DGX Spark cluster - Multiple Spark units stacked

The more interesting result is methodological. On the 200 GbE fabric connecting two Sparks, the choice between tensor parallelism and pipeline parallelism matters more than any difference between the three OEMs, and for batched inference at any reasonable concurrency, pipeline parallelism is the better fit. TP=2’s per-layer all-reduce traffic does not survive the trip across a ConnectX-7 link without leaving compute idle, and PP=2’s pipeline bubble cost amortizes into the steady-state stream as soon as the batch fills the pipeline. NVIDIA’s documentation defaults to TP for a defensible reason: their primary positioning for Spark is interactive single-stream serving with tight TTFT, which is the one regime where TP=2 wins outright. The moment the workload looks like serving infrastructure rather than a chat interface, the calculus inverts.

That inversion reinforces what the Spark is and is not. A two-node Spark cluster is a development and learning platform that lets a single engineer see distributed inference behavior firsthand on a network fast enough to mimic a real datacenter fabric, yet constrained enough to expose the bottlenecks that production deployments work around at scale.

Larger Spark configurations are worth examining on their own terms, with workloads and parallelism strategies suited to that scale, and we have that work on the roadmap.
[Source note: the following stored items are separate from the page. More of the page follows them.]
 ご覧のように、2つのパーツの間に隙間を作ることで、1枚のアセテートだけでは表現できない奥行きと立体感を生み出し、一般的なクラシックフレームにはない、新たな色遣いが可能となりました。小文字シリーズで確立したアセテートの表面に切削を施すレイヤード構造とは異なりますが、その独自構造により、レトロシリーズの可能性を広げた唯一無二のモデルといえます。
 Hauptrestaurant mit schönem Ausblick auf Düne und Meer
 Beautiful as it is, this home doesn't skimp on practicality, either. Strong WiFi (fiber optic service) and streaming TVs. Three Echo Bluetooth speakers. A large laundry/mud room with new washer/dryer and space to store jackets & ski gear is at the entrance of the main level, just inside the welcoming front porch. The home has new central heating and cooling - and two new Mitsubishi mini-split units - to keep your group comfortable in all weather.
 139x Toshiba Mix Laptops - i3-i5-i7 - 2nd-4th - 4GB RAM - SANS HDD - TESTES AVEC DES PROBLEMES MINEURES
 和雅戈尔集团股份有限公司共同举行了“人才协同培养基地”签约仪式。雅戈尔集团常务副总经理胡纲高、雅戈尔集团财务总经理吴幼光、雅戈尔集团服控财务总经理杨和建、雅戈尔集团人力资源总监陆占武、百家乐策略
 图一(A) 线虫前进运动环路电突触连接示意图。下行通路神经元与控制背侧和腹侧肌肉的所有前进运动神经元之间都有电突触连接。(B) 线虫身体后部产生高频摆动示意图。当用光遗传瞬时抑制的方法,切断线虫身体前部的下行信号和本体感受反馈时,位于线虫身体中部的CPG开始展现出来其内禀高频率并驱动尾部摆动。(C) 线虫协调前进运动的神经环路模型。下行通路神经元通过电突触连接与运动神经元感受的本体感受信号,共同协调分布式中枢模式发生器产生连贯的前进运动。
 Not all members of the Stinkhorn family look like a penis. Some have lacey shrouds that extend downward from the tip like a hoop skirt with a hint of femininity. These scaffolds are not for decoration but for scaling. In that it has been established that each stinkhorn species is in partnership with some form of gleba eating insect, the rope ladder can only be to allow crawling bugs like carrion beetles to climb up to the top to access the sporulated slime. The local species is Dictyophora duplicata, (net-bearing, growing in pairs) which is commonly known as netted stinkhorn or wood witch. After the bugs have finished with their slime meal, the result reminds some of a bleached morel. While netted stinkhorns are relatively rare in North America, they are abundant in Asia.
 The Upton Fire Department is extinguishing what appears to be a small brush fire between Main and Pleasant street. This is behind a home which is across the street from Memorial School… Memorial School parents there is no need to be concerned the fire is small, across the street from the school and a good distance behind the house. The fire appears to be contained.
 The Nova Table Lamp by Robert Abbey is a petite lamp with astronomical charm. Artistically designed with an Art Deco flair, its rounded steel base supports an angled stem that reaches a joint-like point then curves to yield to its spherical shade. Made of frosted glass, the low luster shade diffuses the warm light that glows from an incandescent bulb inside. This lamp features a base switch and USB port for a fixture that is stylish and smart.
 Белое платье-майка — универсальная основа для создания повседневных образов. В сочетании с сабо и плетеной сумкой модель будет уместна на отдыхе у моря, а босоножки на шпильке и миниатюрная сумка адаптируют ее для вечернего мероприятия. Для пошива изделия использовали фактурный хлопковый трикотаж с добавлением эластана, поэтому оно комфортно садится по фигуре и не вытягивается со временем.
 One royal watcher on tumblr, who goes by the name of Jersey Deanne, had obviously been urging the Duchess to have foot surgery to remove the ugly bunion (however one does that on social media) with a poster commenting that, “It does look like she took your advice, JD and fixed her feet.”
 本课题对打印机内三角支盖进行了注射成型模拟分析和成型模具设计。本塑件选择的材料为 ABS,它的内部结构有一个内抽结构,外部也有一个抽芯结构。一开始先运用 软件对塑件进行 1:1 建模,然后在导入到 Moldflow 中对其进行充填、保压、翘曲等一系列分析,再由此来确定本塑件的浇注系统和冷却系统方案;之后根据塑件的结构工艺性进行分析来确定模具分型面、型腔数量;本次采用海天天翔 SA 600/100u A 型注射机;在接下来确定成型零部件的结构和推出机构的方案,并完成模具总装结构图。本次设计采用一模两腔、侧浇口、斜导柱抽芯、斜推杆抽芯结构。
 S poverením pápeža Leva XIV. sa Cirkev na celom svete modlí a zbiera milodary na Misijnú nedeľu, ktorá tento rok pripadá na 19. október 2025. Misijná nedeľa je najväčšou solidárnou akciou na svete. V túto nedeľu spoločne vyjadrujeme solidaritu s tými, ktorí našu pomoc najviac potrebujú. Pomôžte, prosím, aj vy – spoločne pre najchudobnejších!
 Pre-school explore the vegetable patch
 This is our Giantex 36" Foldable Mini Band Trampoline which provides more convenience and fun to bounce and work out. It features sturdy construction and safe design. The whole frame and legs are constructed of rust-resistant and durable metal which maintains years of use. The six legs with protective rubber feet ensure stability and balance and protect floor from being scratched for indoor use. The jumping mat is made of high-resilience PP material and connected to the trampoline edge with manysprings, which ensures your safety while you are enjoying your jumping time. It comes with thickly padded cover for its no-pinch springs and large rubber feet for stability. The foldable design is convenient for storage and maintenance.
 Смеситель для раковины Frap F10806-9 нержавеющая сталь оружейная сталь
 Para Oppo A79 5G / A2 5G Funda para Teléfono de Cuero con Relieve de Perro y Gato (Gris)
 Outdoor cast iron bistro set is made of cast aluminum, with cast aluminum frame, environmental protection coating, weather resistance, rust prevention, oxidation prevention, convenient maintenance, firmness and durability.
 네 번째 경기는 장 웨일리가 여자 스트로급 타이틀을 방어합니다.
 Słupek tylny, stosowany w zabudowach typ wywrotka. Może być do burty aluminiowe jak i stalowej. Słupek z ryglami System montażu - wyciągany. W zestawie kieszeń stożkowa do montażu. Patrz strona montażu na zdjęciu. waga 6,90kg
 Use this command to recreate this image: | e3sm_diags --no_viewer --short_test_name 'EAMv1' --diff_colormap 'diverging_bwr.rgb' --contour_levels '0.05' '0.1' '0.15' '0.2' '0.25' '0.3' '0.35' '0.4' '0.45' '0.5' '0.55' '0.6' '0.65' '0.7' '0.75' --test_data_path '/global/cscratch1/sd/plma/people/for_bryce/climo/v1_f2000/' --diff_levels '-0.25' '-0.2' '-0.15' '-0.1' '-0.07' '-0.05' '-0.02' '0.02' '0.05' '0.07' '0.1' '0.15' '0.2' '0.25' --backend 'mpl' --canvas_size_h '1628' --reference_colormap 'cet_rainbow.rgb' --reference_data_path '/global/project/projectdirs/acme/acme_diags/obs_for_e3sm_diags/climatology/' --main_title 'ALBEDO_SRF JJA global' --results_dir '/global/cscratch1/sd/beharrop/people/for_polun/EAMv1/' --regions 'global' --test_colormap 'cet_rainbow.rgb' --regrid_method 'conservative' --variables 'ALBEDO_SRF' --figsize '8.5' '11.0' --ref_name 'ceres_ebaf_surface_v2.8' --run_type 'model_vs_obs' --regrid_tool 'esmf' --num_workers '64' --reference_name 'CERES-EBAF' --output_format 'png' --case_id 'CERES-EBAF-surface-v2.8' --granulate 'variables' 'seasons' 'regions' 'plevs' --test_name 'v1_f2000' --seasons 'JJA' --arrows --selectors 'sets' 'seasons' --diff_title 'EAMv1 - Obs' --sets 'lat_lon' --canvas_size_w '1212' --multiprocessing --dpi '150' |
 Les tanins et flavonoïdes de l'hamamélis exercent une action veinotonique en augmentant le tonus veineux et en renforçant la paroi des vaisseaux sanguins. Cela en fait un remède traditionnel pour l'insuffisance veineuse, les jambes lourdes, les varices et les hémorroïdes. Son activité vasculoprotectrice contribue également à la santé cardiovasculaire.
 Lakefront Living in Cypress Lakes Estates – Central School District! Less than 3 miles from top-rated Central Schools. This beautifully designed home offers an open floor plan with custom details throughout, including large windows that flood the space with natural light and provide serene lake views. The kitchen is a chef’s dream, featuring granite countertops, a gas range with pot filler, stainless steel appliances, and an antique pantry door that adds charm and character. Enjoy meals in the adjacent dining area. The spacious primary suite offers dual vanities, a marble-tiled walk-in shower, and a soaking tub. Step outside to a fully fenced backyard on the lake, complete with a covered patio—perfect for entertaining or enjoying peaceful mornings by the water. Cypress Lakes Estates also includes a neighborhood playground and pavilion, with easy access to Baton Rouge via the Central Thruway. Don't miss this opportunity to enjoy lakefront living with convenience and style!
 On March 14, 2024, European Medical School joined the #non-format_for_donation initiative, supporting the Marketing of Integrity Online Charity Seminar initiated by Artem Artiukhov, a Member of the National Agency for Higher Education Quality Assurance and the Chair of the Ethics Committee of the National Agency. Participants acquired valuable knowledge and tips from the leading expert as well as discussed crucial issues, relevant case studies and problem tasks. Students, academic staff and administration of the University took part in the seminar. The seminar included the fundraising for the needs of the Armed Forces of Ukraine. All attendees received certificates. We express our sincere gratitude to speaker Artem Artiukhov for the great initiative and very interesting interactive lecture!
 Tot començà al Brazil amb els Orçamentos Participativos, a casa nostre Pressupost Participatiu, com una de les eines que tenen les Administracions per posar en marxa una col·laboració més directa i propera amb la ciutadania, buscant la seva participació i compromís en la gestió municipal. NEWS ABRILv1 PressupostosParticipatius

Separately, the next experiment queued behind this one shifts from inference to training: a sub-1B-parameter model trained from scratch on a dual-Spark cluster, configured to mirror the distributed pre-training conditions of much larger systems. That work is paused while we wait for the optics for our new 800 Gb lab core switch, and we expect to publish it once the new core is online.